┏━━
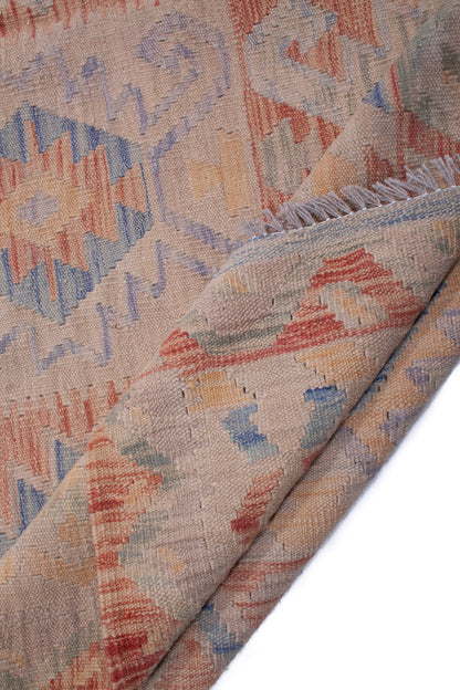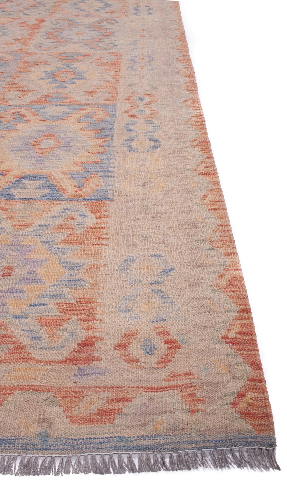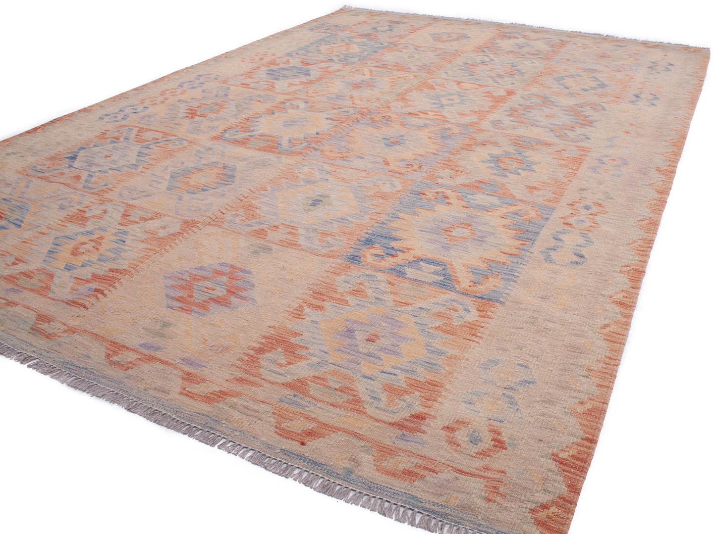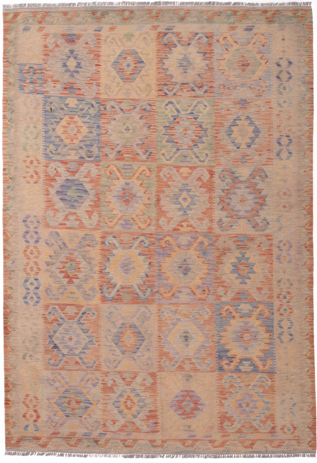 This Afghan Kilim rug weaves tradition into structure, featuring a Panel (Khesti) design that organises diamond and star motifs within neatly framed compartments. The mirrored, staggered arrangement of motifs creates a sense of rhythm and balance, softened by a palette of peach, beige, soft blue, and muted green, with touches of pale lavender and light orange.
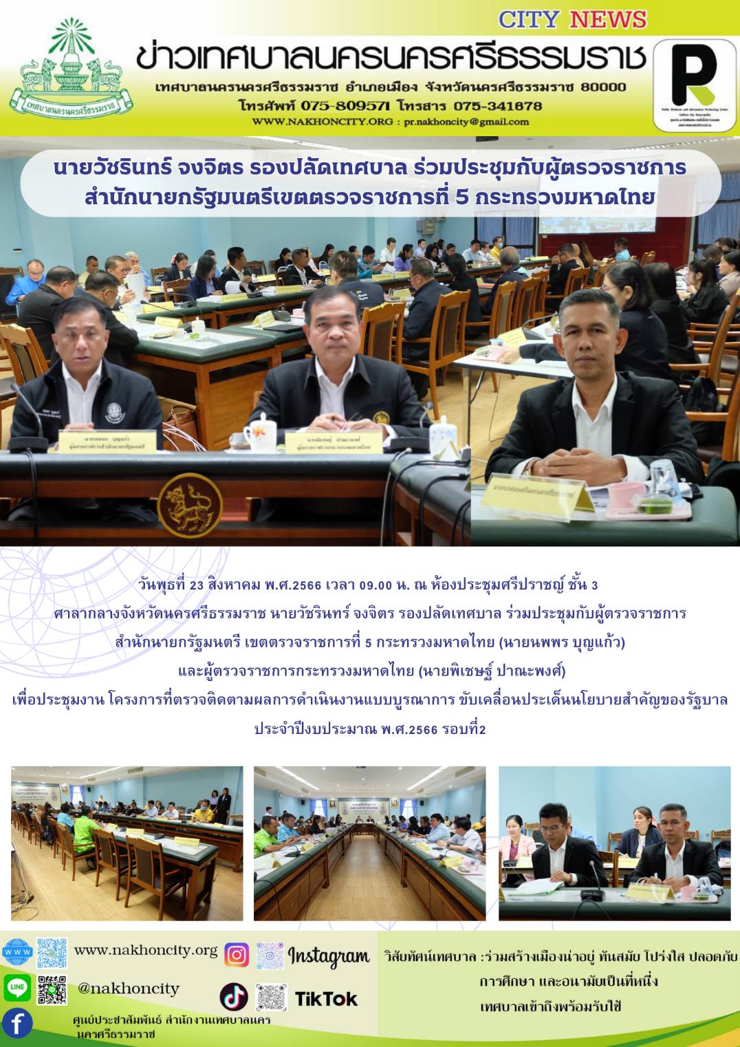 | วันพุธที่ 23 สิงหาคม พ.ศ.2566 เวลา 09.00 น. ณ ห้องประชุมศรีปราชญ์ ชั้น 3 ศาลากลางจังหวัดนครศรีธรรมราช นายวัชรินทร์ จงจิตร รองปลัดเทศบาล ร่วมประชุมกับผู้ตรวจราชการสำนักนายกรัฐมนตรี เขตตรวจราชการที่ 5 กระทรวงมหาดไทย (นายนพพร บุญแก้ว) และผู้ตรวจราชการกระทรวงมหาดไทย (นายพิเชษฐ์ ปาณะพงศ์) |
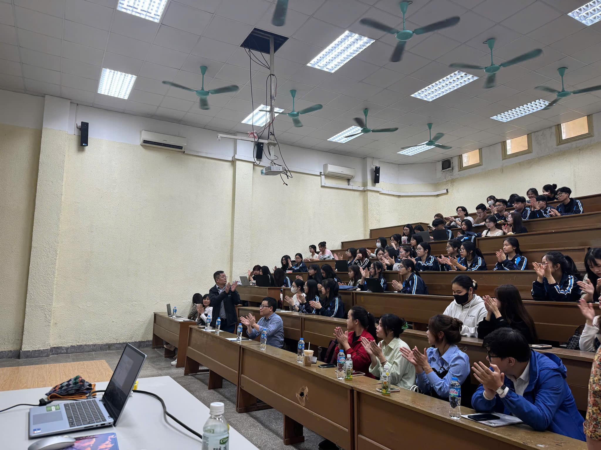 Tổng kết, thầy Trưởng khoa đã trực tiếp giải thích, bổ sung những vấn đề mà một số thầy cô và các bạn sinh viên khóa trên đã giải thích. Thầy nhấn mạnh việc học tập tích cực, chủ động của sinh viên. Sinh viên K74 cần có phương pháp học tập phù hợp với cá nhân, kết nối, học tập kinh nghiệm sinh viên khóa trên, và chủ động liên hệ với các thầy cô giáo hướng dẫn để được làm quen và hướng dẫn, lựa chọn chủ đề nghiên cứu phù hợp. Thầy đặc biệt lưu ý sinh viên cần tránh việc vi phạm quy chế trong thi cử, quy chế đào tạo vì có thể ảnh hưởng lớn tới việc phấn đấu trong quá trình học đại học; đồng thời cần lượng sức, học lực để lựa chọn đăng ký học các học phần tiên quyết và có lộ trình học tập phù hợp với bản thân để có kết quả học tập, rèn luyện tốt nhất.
┗━━
Please, without any of the pictures, set down exactly the lines from the beginning of the listing to the line that contains "(นายพิเชษฐ์ ปาณะพงศ์) |", inclusive.

 This Afghan Kilim rug weaves tradition into structure, featuring a Panel (Khesti) design that organises diamond and star motifs within neatly framed compartments. The mirrored, staggered arrangement of motifs creates a sense of rhythm and balance, softened by a palette of peach, beige, soft blue, and muted green, with touches of pale lavender and light orange.
 | วันพุธที่ 23 สิงหาคม พ.ศ.2566 เวลา 09.00 น. ณ ห้องประชุมศรีปราชญ์ ชั้น 3 ศาลากลางจังหวัดนครศรีธรรมราช นายวัชรินทร์ จงจิตร รองปลัดเทศบาล ร่วมประชุมกับผู้ตรวจราชการสำนักนายกรัฐมนตรี เขตตรวจราชการที่ 5 กระทรวงมหาดไทย (นายนพพร บุญแก้ว) และผู้ตรวจราชการกระทรวงมหาดไทย (นายพิเชษฐ์ ปาณะพงศ์) |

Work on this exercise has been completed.